Diabetes Survivor's Guilt

This week, I'm struggling with how society sees me and sees my diabetes and I'm struggling with the whole "what's the point in advocacy" disillusion. I’m calling it Diabetes Survivor's Guilt.

It started with a couple of events on Tuesday that left me beaten down, deflated and with nothing left to fight for the things I need to live and thrive with diabetes. And nothing left to fight the public perception of people with diabetes.

It all started with:

It began with hearing from my peers that my health service discontinued funding for a CGM for all patients who had been using it with no advance notice and no regard for those who rely on it. After the complete shut out for adults with diabetes of the Libre reimbursement scheme, I just thought: I can't do this anymore!!! 

Then, I received an invitation, one I should be excited about because it's diabetes health care moving forward and I'm very honoured to be included. But all I could think about was what’s the point? It won't get funding! It'll sit on a shelf and gather dust like so many others. I predict that two years from now we'll still be asking for the funding for it. Maybe it'll win a Pulitzer for fiction?

Then, there was a tweet from someone with a medical degree, maybe even a bunch of them, that would normally get me all fired up with “You should know better than to spread bad information about diabetes” responses but all I could think was “what’s the point?”

US Surgeon General.jpg

There’s only so many times:

There’s only so many times I can respond to the many, many misinformed tweets/comments with spunk and sass before I start to feel that there are probably five more misinformed people hiding in the shadows, so what's the point?

There’s only so many times I can listen to chatter about diabetes prevention strategies before I start to doubt what I know to be my facts. Maybe I did cause my diabetes?!?! Before I start to believe that I'm a failure because I was diagnosed.

There are only so many times I can hear that I’m costing my health service 10% of its total budget before my response goes from “So!
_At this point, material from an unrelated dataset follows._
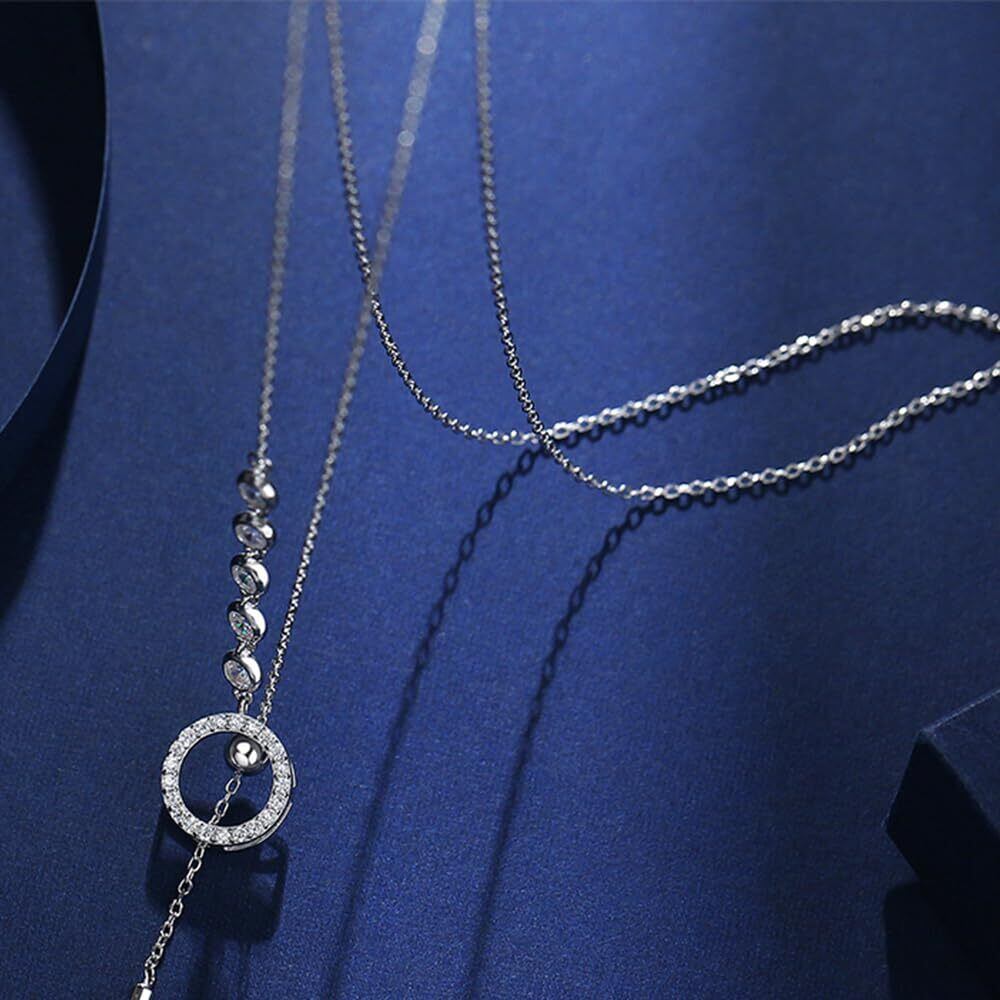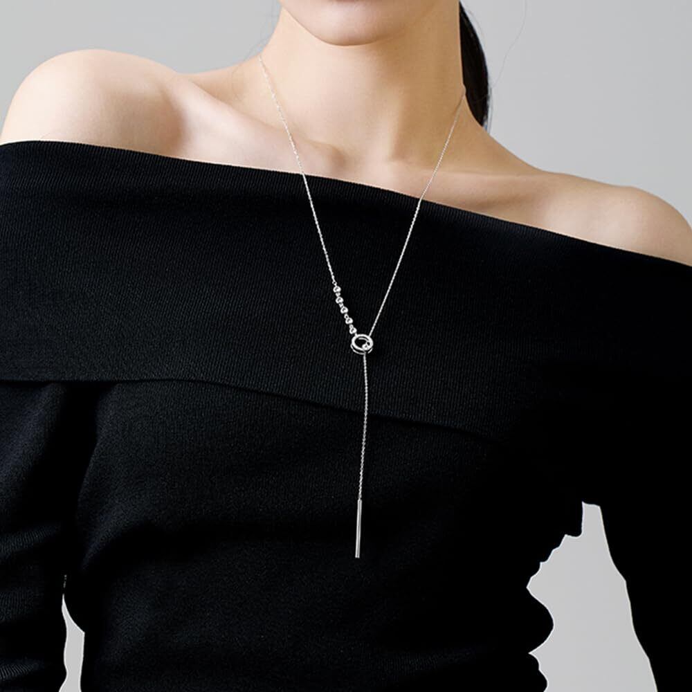 「エレガントデザイン」リングモチーフのY字型ロングネックレス。ペンダントの長さ調節が可能で、柔らかなジルコニアの輝きが上品な雰囲気を演出。チェーン長80cmのバランスの取れたサイズ設計で、日常のコーディネートにアクセントを加え、時代を超えたスタイリッシュな装いを簡単に実現します。

And???” to “I’m sorry I cost so much, please forgive me".

I'm/We're fighting the same ignorance over and over and over. I'm repeating the same information again and again. And I'm/we're getting nowhere.

So What's the point?

What's the point of trying to explain to people that what I need to manage my diabetes is what I need, they are not luxuries.
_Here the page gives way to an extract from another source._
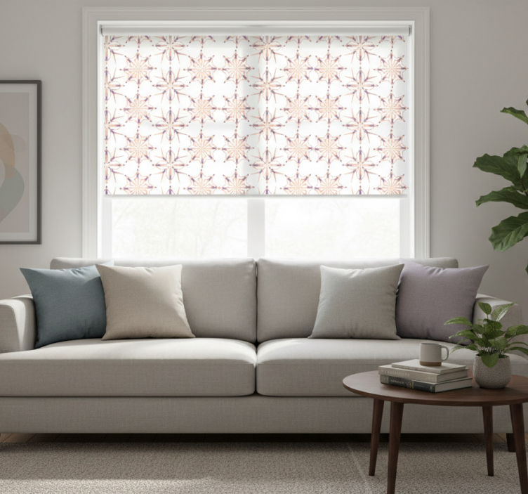 精致的星爆图案与优雅的形状交织在一起,形成迷人的视觉节奏。设计采用柔和的紫色和桃色调,增强了其吸引力。几何排列引人注目,而精致的线条则增添了深度,使其成为任何装饰的独特补充。

What's the point in telling people that I didn’t cause my diabetes, that healthy choices won't make me cost less?

What's the point in saying I'm a person with diabetes but I'm not old, not obese, I have all my limbs and both my kidneys, no I'm not what you were expecting, when the images that are displayed to represent diabetes are contrary.

If you tell a person enough times:

If you tell a person enough times that you cost the health service 10% of their entire budget They will start to feel Diabetes Survivors Guilt.

If you tell a person enough times that their diabetes should've been prevented or reversed, you will start to believe it. Despite the truth!

If you tell me all of this enough times, not just with words but with actions also then I will start to believe that I don’t deserve empathy, understanding or treatment and maybe I’m the one who’s misinformed?

I just can't fight it today! But giving up is not an option really is it?